NYT article on Monsanto and Roundup.

August 2, 2001

A Weed Killer Is a Block to Build On

By DAVID BARBOZA

ST. LOUIS — Monsanto jumped headfirst
into the future five years ago, when it
spun off its old-line chemicals business
and rechristened itself a "life sciences"
company that used biotechnology to develop
genetically altered crops.

After investing billions in that vision — some
of it to create bioengineered corn, soybeans
and other crops, and some to buy large seed
companies — Monsanto is prospering. But not
because of any proliferation of genetically
modified supercrops, which have been widely
accepted in the United States but have come
under fire in Europe and Japan.

What keeps Monsanto healthy is Roundup, a
chemical herbicide developed more than two
decades ago. It is the best- selling agricultural
chemical product ever, with $2.8 billion in
sales last year; it outsells other chemicals five
to one.

The growth of Roundup, which accounts for
about half of Monsanto's revenue, is the
primary reason that the company reported a
solid profit in the second quarter, despite the
resistance overseas to bioengineered crops and
a depressed agriculture economy that has
battered other companies.

Monsanto has maintained and even souped up
Roundup's status by forging what analysts say
was a brilliant strategy of dropping its price
years ahead of patent expiration and tying its
use to the early growth of genetically modified
crops — crops made to work in tandem with
the herbicide.

"It was a classic pricing strategy," said Leslie
Ravitz, an analyst at Morgan Stanley. "It was a
textbook case. Every 1 percent price drop led
to a 2.5 or 3 percent increase in volume."

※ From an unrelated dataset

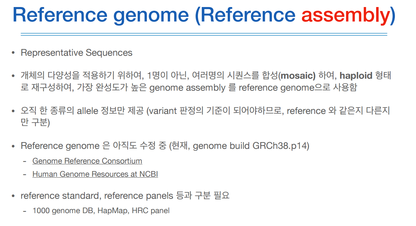 레퍼런스 지놈은 레퍼런스 어셈블리라고도 불리는데, 이 레퍼런스 지놈은 여러명의 지놈을 합성하여 diploid가 아닌 haploid 형태(DNA 한 줄, 부모 중의 한 allele 정보)로 만들었다.
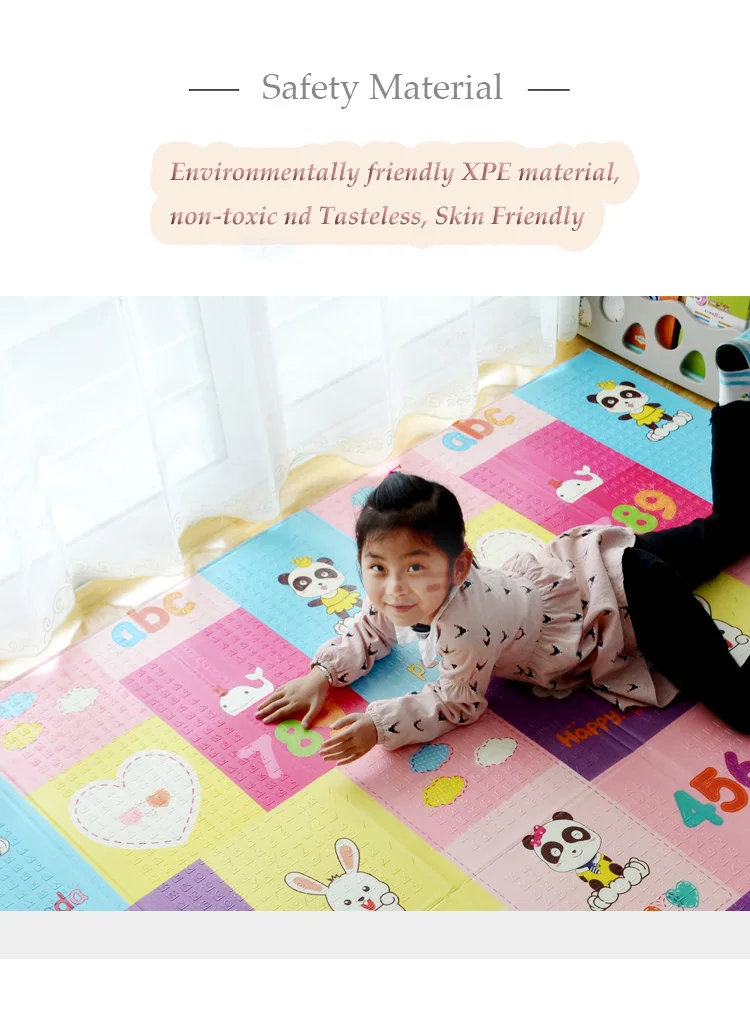 Преимущества: Изготовлен из материала XPE, без свинца, хрома, BPA и фталатов, безвреден для ребенка. Поверхность на 100% водостойкая и Легко протирается неизбежными брызгами сухой тканью. Никогда не беспокойтесь о пятнах или проблемах с уборкой. Двойной L текстурированный дизайн Противоскользящий помогает уменьшить скольжение и скольжение. Поскольку коврик мягкий, его легко очистить и оторвать, когда ребенок копает коврик, пожалуйста, используйте его под наблюдением родителей.

Monsanto still faces challenges. Roundup's
lower price and global dominance mean that it
faces difficult growth prospects. And if
consumers and regulators here and abroad
reject biotech crops, Monsanto and its
multibillion-dollar investments would be
devastated.

But analysts say the company seems to be
positioning Roundup as a hedge against that
possibility. And if biotechnology is not dealt a
significant blow, Monsanto could become the
world's most profitable agriculture company
because it would then command 80 percent to
90 percent of its two primary markets —
nonselective herbicides and biotechnology seeds. The combination, analysts say,
could lead both product lines to reinforce each other, helping Monsanto's seeds
dominate certain crops in the same way Roundup does in herbicides.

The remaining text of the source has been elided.